Béatrice Brugère est magistrate pénaliste depuis vingt ans, vice-Procureure de la République au TGI de Paris et secrétaire générale du Syndicat unité magistrats SNM-FO.

Délais de jugement, illisibilité des procédures, vaine technocratie, hyperinflation normative, trop grande politisation, corporatisme, différence de traitement entre les victimes et les délinquants, perte de souveraineté... De nos jours, les critiques contre l'institution judiciaire ne manquent pas. De plus en plus violentes, elles délégitiment la justice et sapent assurément son autorité. La justice en France semble en effet marcher à reculons?: plus on la réforme et moins elle progresse ! Mais c'est un fait : les citoyens n'acceptent plus ni sa lenteur, ni sa complexité, ni ses décisions incompréhensibles ou laxistes. La mise à sac récente du tribunal d'Aurillac ou l'incendie du tribunal de Nanterre constituent autant d'alertes à prendre très au sérieux. Pour Béatrice Brugère, sauver ce qui peut l'être de la justice en France ne se réglera pas de manière strictement budgétaire ou technique. La justice ne retrouvera sa vocation profonde qu'à la condition d'une complète refondation : protéger les plus faibles, sanctionner vraiment les délinquants, sauvegarder les libertés menacées, apprendre aussi à devenir plus accessible et plus humaine. Au travers de ces pages, la magistrate nous donne malgré tous des raisons d'espérer et de se battre. Elle propose notamment, avec lucidité et courage, un changement de cap complet : pour que la justice reprenne toute sa place... mais rien que sa place.


Détails sur le produit
ASIN ‏ : ‎ B0CCNFTGMT
Éditeur ‏ : ‎ L'OBSERVATOIRE (28 février 2024)
Langue ‏ : ‎ Français
Broché ‏ : ‎ 283 pages
ISBN-13 ‏ : ‎ 979-1032930410
Poids de l'article ‏ : ‎
Dimensions ‏ : ‎ 13.8 x 2.4 x 21.4 cm



Entretien pour LE POINT - Propos recueillis par Nicolas Bastuck

Son discours n'est pas corporatiste, elle en dénonce au contraire les méfaits. Plus que des moyens, elle réclame une « réflexion profonde ». Secrétaire générale d'Unité-Magistrats-FO, Béatrice Brugère tranche, dans le petit monde de la magistrature. Dans Justice : la colère qui monte (Éditions de L'Observatoire)*, elle en appelle à une « refondation ».

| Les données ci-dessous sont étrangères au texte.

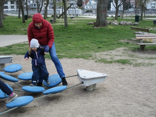 Vom Spielplatz aus ist YM Wisdom nur als Kastenwanderung jenseits HolzMüllEventCenter in Vorbeifahrt zu sehen.
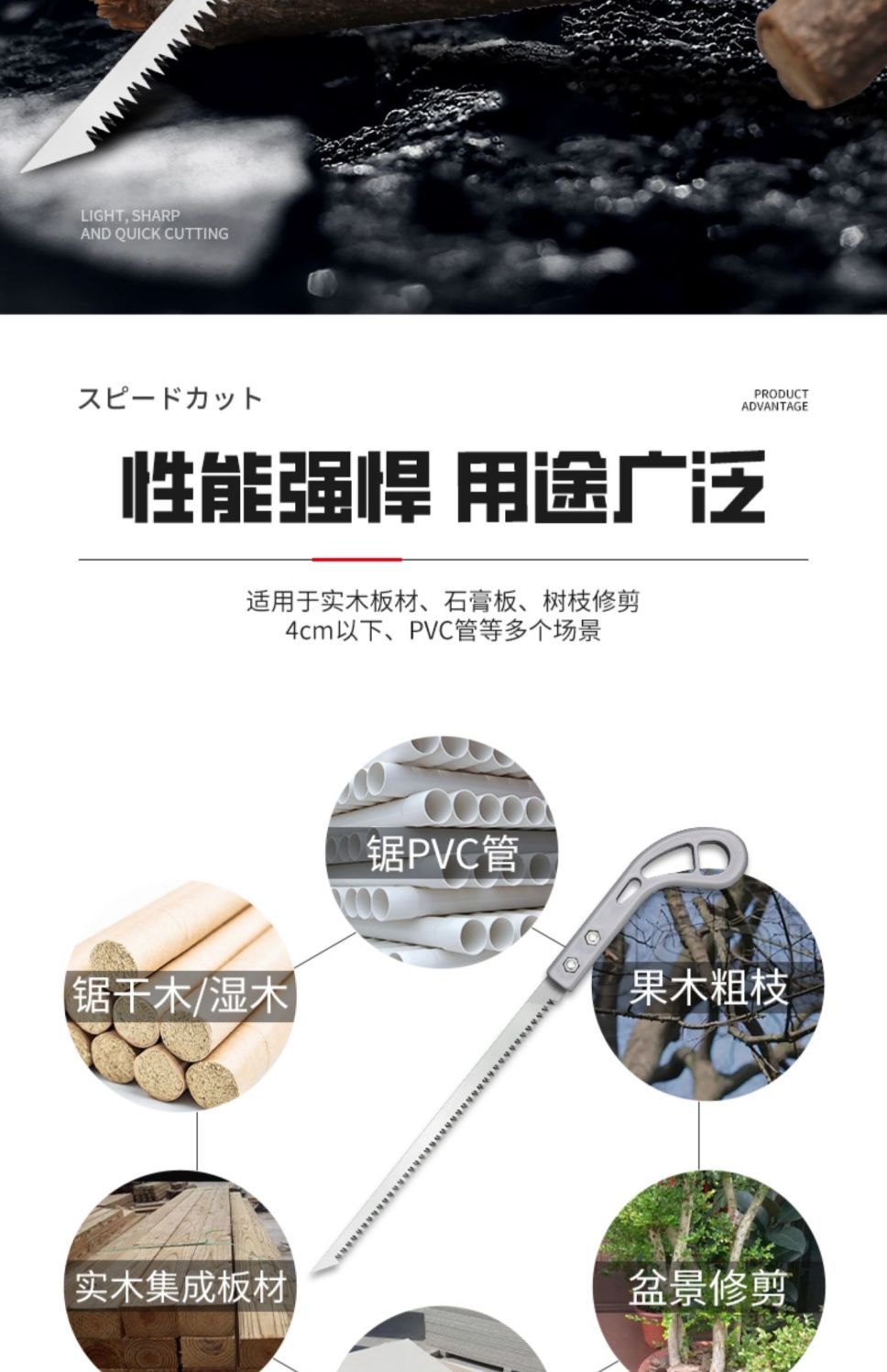 锯子很锋利,使用很省力,造型美观,锯木头挺快的先,小巧方便实用,锯起来很快又很省力,值得推荐,
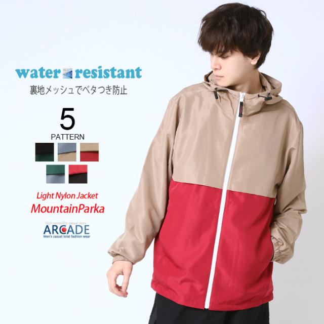 マウンテンパーカー メンズ 春新作 撥水 防風 メンズ ライトアウター ウィンドブレーカー ナイロンジャケット ジャンパー・ブルゾン ジャケット きれいめ おしゃれ かっこいい シェルジャケット メンズファッション くすみカラー ARCADE アーケード
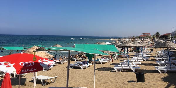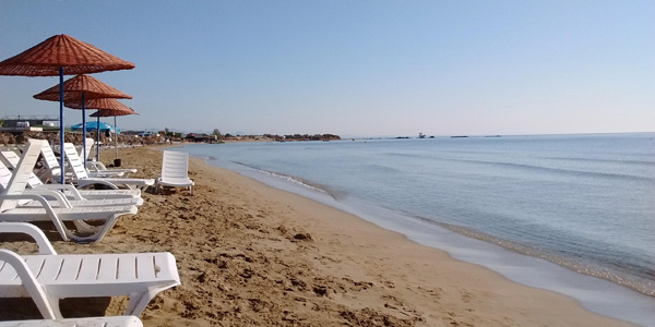 Flat sandy beach very close to the ruins of Salamis. Restaurant, beach cafe, showers, sun loungers and parasols. Also next to the beach you will find a public picnic area.
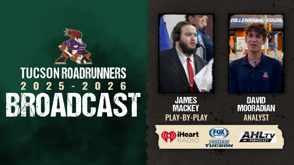 TUCSON — The Tucson Roadrunners, proud American Hockey League (AHL) affiliate of the Utah Mammoth, today announced that James Mackey has been named the team’s new play-by-play announcer and will also serve as a content contributor. Mackey will be joined in the broadcast booth this season by new analyst David Mooradian.
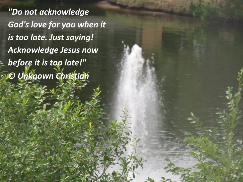 “Do not acknowledge God’s love for you when it is too late. Just saying! Acknowledge Jesus now before it is too late!”

Le Point : « La Justice, écrivez-vous, ne peut plus faire l'unanimité contre elle ; il faut qu'elle écoute la colère qui monte. » Les magistrats seraient-ils devenus sourds aux attentes du peuple français, oubliant que la justice est rendue en son nom ?

Béatrice Brugère :
Le désir de justice est grand, mais il n'est pas satisfait. La colère gronde, et il faut l'entendre. C'est particulièrement frappant au pénal : les Français sentent l'insécurité monter, s'en inquiètent, mais la réponse apportée n'est pas à la hauteur des enjeux. C'est vrai aussi au civil – aux affaires familiales, notamment –, où les délais sont toujours plus longs et l'accès au juge est difficile. Le mécontentement s'exprime aussi chez nos partenaires : policiers, avocats, entrepreneurs… En interne, le personnel judiciaire souffre d'une gestion bureaucratique où la politique du chiffre règne en maître.

La Justice serait devenue « un bateau ivre sans cap ni boussole ». Longtemps maltraitée, elle serait devenue « maltraitante ». Vous y allez fort !

Je ne suis pas la seule à faire ce constat désespéré, mais ce qui m'intéresse, c'est d'en évaluer les causes, de proposer des solutions et d'offrir des raisons d'espérer. Les magistrats doivent faire leur examen de conscience, mais cet échec est aussi celui des politiques publiques qui, depuis des décennies, se sont fourvoyées. Pourquoi les réformes échouent-elles ? Parce qu'elles colmatent là où nous aurions besoin de remettre de la profondeur, de la culture et de l'imagination dans l'action publique.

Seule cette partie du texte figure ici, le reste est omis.